4. The focus on the percentage is NOT misleading. Focusing on the flat dollar value is - which is precisely why that's the only number being reported in the media. Revenue doubling has NOTHING to do with taxes - businesses are not taxed on revenue (in fact - if you've got a basic understanding of economics you realize that businesses are NOT taxed at all - the consumer is via pass-through of costs, but that's another discussion). Focusing on the percentage illustrates that while revenues increased - so did associated costs. You want to understand the numbers a bit deeper - go look at the year on year progression of the gross profit margin - that's total production costs (no write downs or large CEO salaries included, nor is exploration included) divided by total revenues. When it stays flat - then the company is merely passing along increased costs incurred. Which is exactly what will happen with any windfall profit tax - it will add $$ at the pump.

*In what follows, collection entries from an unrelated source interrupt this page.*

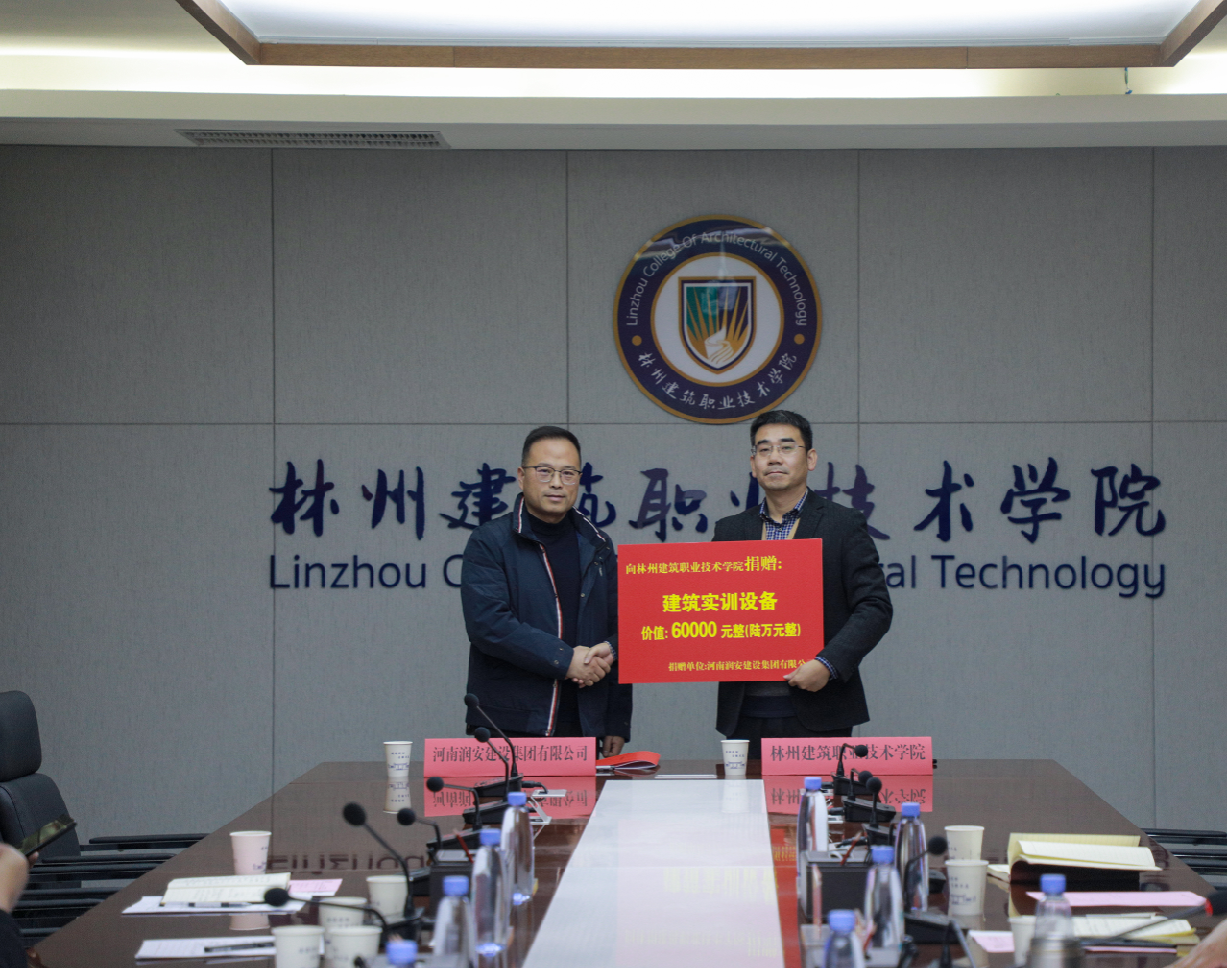 在全场嘉宾的见证下,李庆祥董事长与张清华校长共同签署校企合作协议,正式确立双方战略合作伙伴关系。随后举行教学设备捐赠仪式,白广涛总经理代表集团向学校捐赠价值6万元的建筑实训设备,副校长李超杰代表学校接收捐赠,这批设备将为学生实训教学提供有力保障。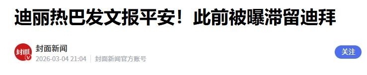 1.封面新闻-《迪丽热巴发文报平安!此前被曝滞留迪拜》-2026-03-04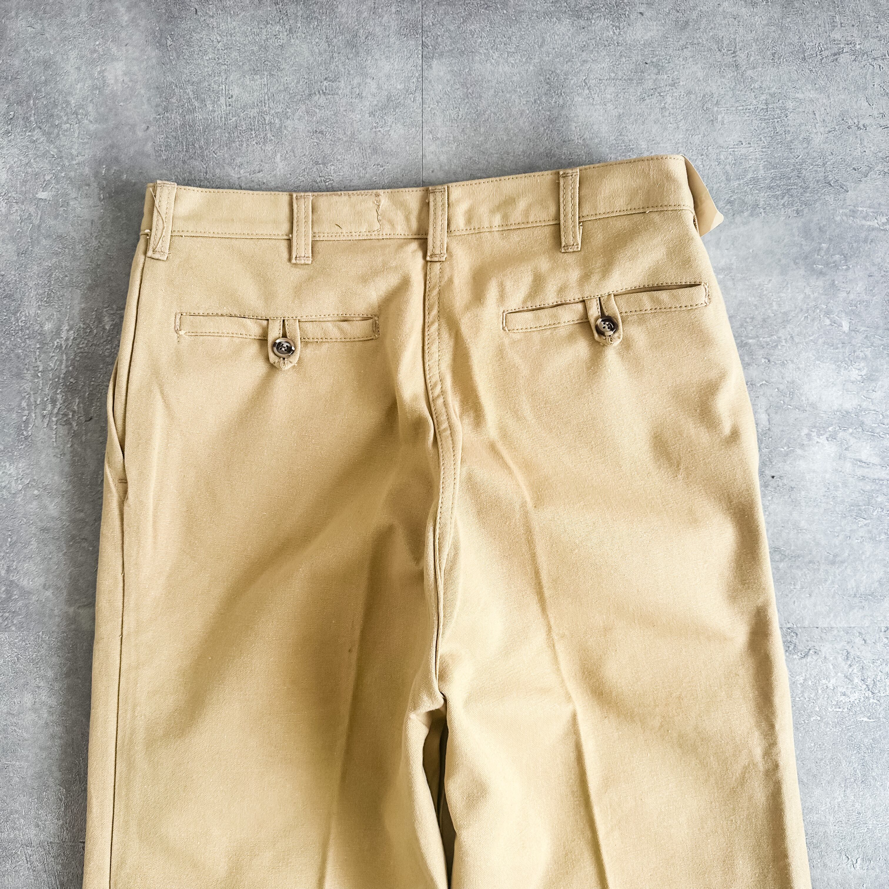 ※※フラッシャー付きのデッドストックです。保管上での画像のような汚れがございます。裾未処理ですので自分のレングスに合わせて裾上げしてもよいかと。古着に理解のない方のご購入はお控えください。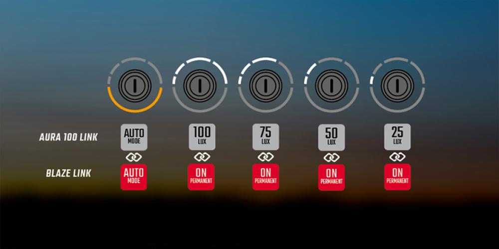 • Mehrere Leuchtmodi: Eco (25 Lux), Low (50 Lux), Mid (75 Lux), High (100 Lux) und Auto-Modus

5. This is not ridiculous. The creation of few jobs is true - but points to increased material costs as the primary driver, which is supported by the fact that production dropped. When GE or others increase revenue - typically it follows a growth in business volume (i.e. production). The reason Exxon's stock took a beating when they announced the #'s is b/c the investors understand that the outlook of lower production is not a good trend - and that the increased revenues are not the result of increased volume or efficiency and didn't translate to better returns.

The mark of a fool is someone who speaks as though he/she is an expert on a subject of which they know nothing. The mark of insanity is to do the same thing over and over and expect different results (longstanding Deming quote). You're clearly no fool, nor insane - but please, go easy on the partisan propoganda. Keep that stuff for the Dungeon. And bone up on your economics.

And one last thing. The Oil & Gas industry donated roughly $18.5M so far this year. You are correct that ~80% (76% if you'd like to be accurate) went to Republicans. Attoney's and Law firms have donated almost an order of magnitude more ($142.6M) in the same period to democrats by the same proportion (75% to dems). So we're beating up the bad oil companies for putting republicans in their pocket while the lawyers make sure the democrats are in their pocket 10x - to drive more complex laws and regulations to ensure that they continue some true windfall profits due to the increase in litigation, etc. Wonderful. Not too politically expedient to point out though - is it?